Les femmes à temps partiel et les femmes peu qualifiées sans enfants ont été les plus touchées", déplore Barbara Romagnan. Mais "fondamentalement, les 35 heures n'ont fait qu'accentuer des travers qui existaient préalablement dans des secteurs où le temps de travail était déjà très partiel et flexible", affirme-t-elle.

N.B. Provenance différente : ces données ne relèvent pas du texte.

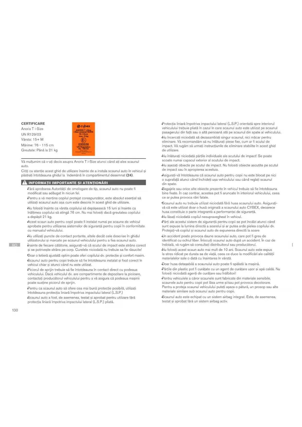 Acesta este un sistem i-Size îmbunătățit de fixare a copilului. Este aprobat în conformitate cu Regulamentul ONU nr. R129 / 03, pentru utilizare în mașini cu scaune compatibile i-Size, așa cum indică producătorii de mașini în manualele de utilizare. Dacă vehiculul dv. nu are o poziție de scaun i-Size, vă rugăm să consultați lista anexată cu tipuri de vehicule pentru a afla dacă utilizarea este permisă. Puteți obține cea mai actualizată versiune a Listei de tipuri de pe www.cybex-online.com Dacă vehiculul dv. nu este echipat cu ISOFIX, scaunul auto nu poate fi utilizat. Dacă vehiculul dv. nu oferă suficient spațiu, protecția liniară împotriva impactului lateral (L.S.P) poate fi pliată. Nu este garantat faptul că toate pozițiile de ședere și înclinare pot fi utilizate în toate vehiculele omologate.
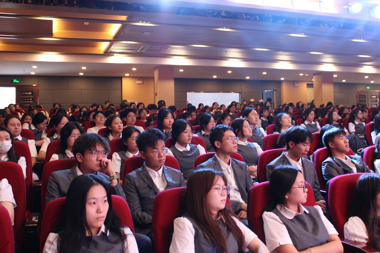 报告会的第三部分,彭玉生校长分享了自己儿时的回忆和成长历程,每一个细节都充满了对生活的热爱和对梦想的追求。他坦言,正是这些童年的经历,塑造了他坚韧不拔的性格,也让他更加坚定了投身乡村教育的决心。彭校长还提到,小时候抓鱼的乐趣让他深刻体会到“就地取材,丰衣足食”的道理,这也成为了他教育理念的一部分——鼓励学生们珍惜资源,勇于创新,用知识改变命运。他说:“乡村条件有限,我想,思路决定出路,教育就要善于更新理念、搭建平台、迎难而上。”于是他毅然决然地选择了这条充满挑战的道路。他用自己的故事激励着在场的每一位同学,希望他们能够怀揣梦想,勇往直前,让乡村教育的种子在更广阔的土地上生根发芽。
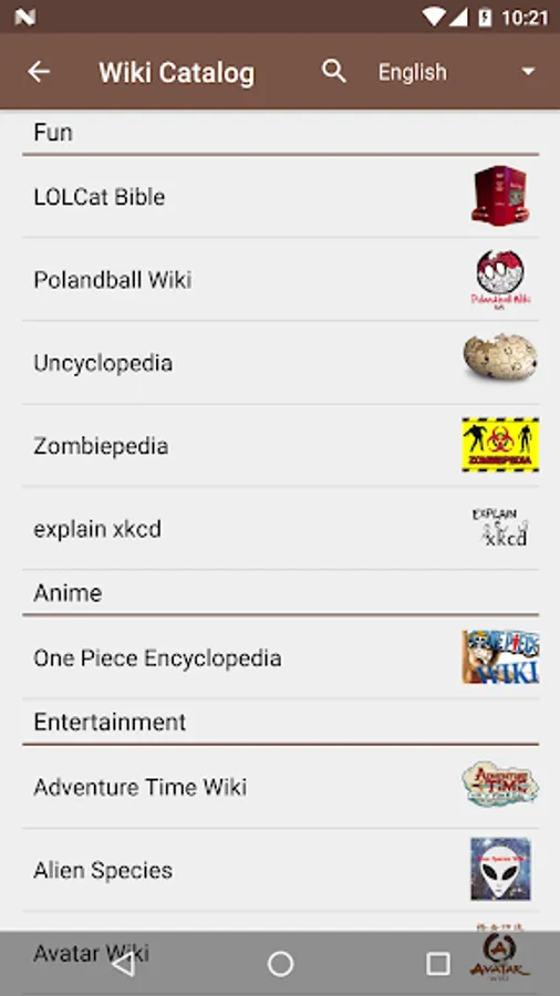 EveryWiki gives you access to the usual wikis like Wikipedia, Wiktionary, but also to the likes of Uncyclopedia, Wikivoyage, and many, many more.
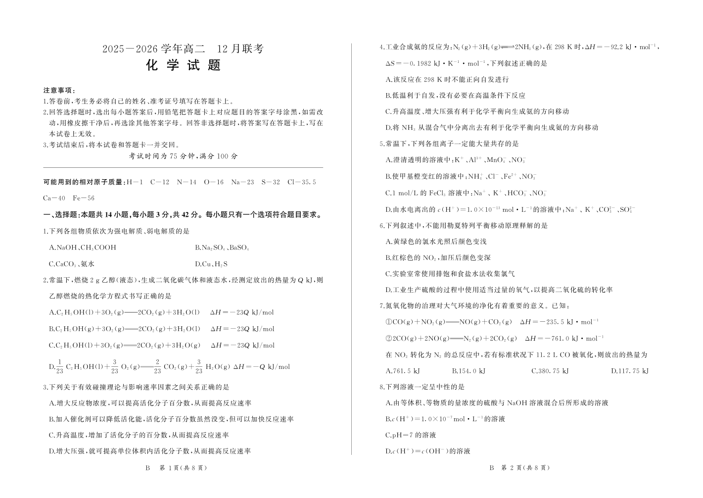 高二化学B--河南省百师联盟2025-2026学年高二上学期12月联考

Pour la députée, la réduction du temps de travail reste "une solution" face à la crise actuelle. Mais selon elle, il ne faut plus penser ce type de mesures sur une base quotidienne ou hebdomadaire, comme pour les 35 heures. "Je ne défend pas les 32 heures, assure-t-elle. Je défends plutôt une espèce de compte épargne temps dans lequel on puisse mettre des jours pour les utiliser à d'autres moments de sa vie."